The $5 billion accounting scandal at Parmalat, Italy’s eighth-largest industrial company, has dragged in a trio of former finance directors.
Citing a judicial source, Reuters reported that Parmalat founder Calisto Tanzi — who resigned last week as chairman and CEO — and three former finance directors, Fausto Tonna, Alberto Ferraris, and Luciano Del Soldato, are being investigated for possible false accounting, fraud, and market rigging.
Tonna served as CFO until this past March. Ferraris and Del Soldato followed him in that position at the maker of long-life milk, but only for a short time: Ferraris from March until November of this year, and Del Soldato for a little more than three weeks thereafter, until he quit on December 9, according to reports.

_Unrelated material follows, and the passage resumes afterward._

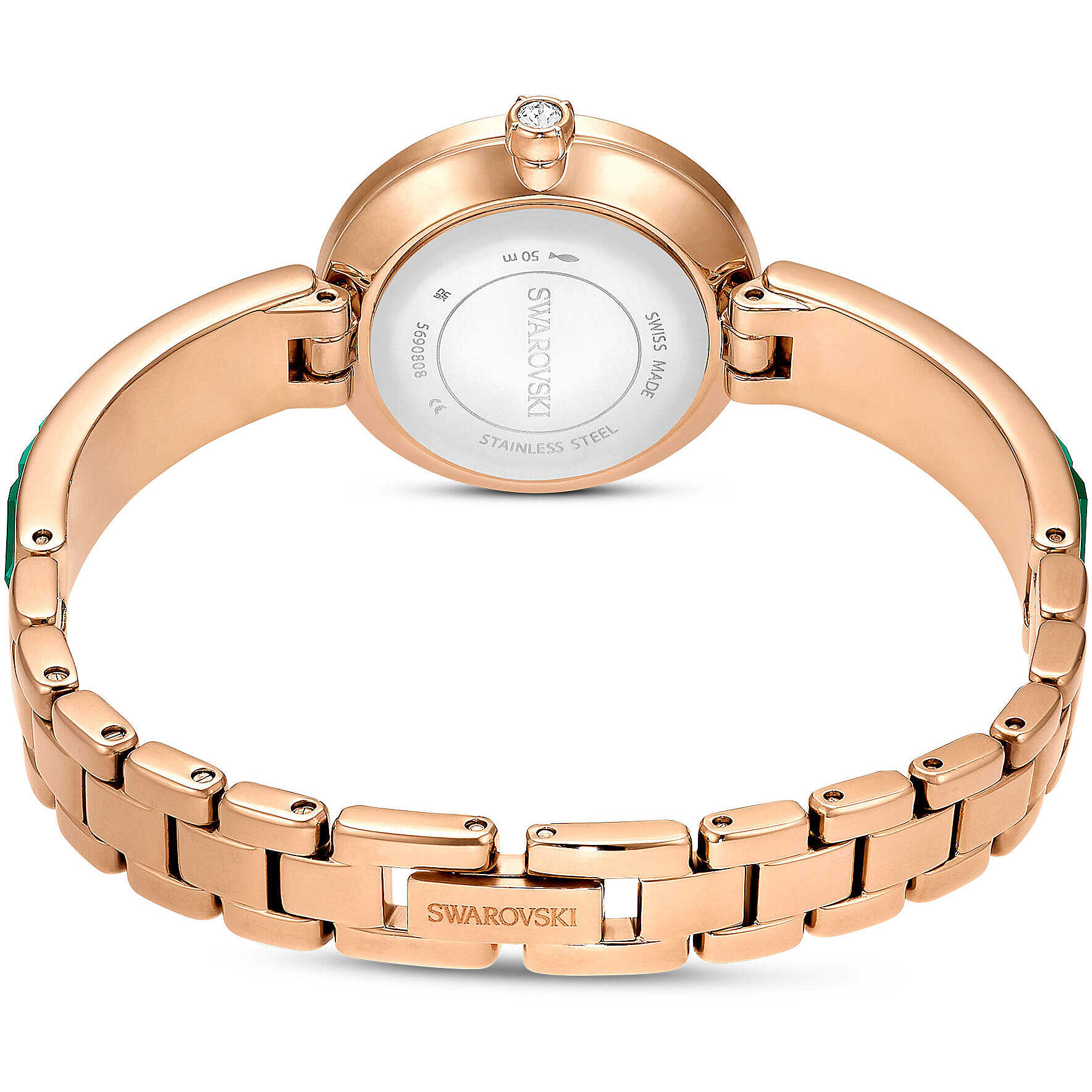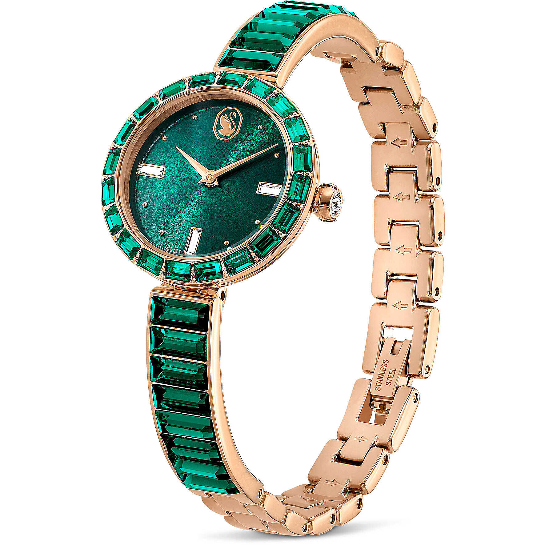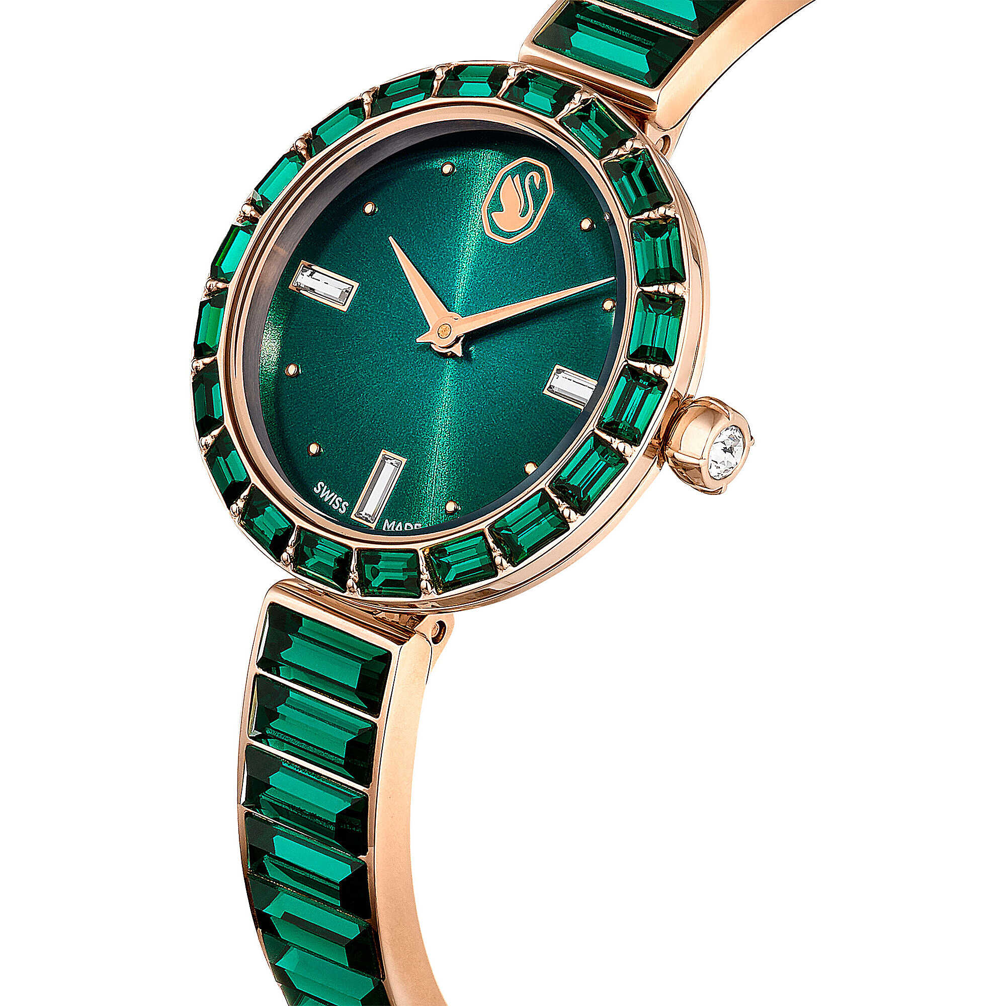 Orologio da donna di Swarovski della collezione Matrix Bangle. L’eleganza è amplificata dai cristalli in questo splendido segnatempo ispirato all’alta gioielleria. Il design in acciaio inossidabile da 25 mm ha una finitura in tonalità oro champagne ed è circondato da una lunetta con 20 cristalli verdi taglio Baguette, mentre un unico cristallo è montato nella corona. Inoltre, cristalli taglio Baguette esaltano i tre indici sul quadrante verde, che presenta anche un logo cigno a ore 12. Attorno al polso, il bracciale in stile bangle è impreziosito da 16 cristalli verdi taglio Baguette ed è interamente regolabile per una comoda vestibilità. L’orologio Swiss Made è resistente all’acqua fino a 50 metri ed è l’accessorio ideale per una storia di stile affascinante. Dimensioni della cassa: 25 mm x 25 mm Lunghezza del cinturino dell'orologio: 16.5 cm. La referenza è 5690808

One of the prosecutors involved in the case, Angelo Curto, told Reuters: “The cases of false accounting are obvious…. Bonlat is just one of various balance sheet manipulations. [Its accounts] are generally not very reliable.”
Yesterday CFO.com reported an announcement by Parmalat in which the New York branch of Bank of America (BOA) informed Grant Thornton, the auditor of Bonlat Financing Corp., a Cayman Islands-based Parmalat subsidiary, that it does not have an account in the name of Bonlat.
Parmalat executives said BOA denied the authenticity of a document dated March 6, 2003, that certified the existence of nearly $4.9 billion in Bonlat securities and liquidity as of December 31, 2002. Today, Reuters cited media reports predicting that this nearly $5 billion accounting hole could more than double in size.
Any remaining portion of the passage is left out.